BackCorrelation and the Linear Correlation Coefficient (r)
Study Guide - Smart Notes
Tailored notes based on your materials, expanded with key definitions, examples, and context.
Correlation and Regression
Basic Concepts of Correlation
Correlation is a statistical measure that describes the association between two variables. Understanding correlation is essential for analyzing how variables relate to each other, especially when visualized in scatterplots.
Correlation: Exists when the values of one variable are somehow associated with the values of another variable.
Linear Correlation: Exists when the association between two variables can be approximated by a straight line in a scatterplot of paired data.

Interpreting Scatterplots
Scatterplots are graphical tools used to visualize the relationship between two quantitative variables.

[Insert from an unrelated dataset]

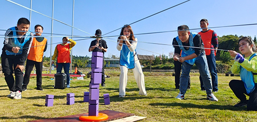 關于協作互助,“長勺喂湯”的故事可謂廣為流傳。在這次團建活動中,全體人員開展了一項比“長勺喂湯”難度更大的游戲——協力筑塔,即多人以軟繩同時控制一個吊鉤,將一塊塊積木搭建成指定的塔型。活動中,各小組人員齊心協作,細心操縱,出色完成了任務。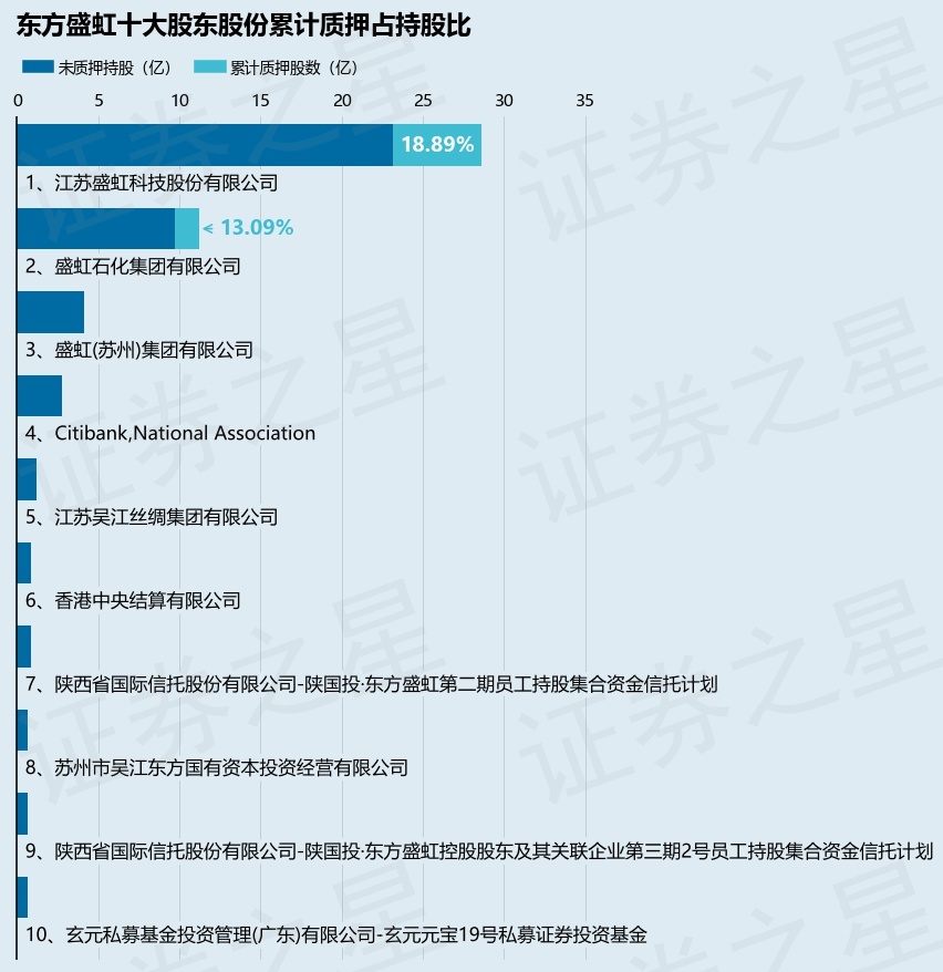 截止本公告日,股东江苏盛虹科技股份有限公司已累计质押股份5.4亿股,占其持股总数的18.89%,股东盛虹石化集团有限公司已累计质押股份1.46亿股,占其持股总数的13.09%。本次质押后东方盛虹十大股东的累计质押股份占持股比例(占持股比例的计算以公司最新一期财务报表公布的十大股东的持股总数为基准)见下图:

The pattern of the points can reveal the type and strength of correlation:
Positive Linear Correlation: As x increases, y also increases. The points form an upward-sloping line.
Negative Linear Correlation: As x increases, y decreases. The points form a downward-sloping line.
No Correlation: The points do not show any clear pattern.
Nonlinear Relationship: The points show a pattern, but it is not linear (e.g., curved).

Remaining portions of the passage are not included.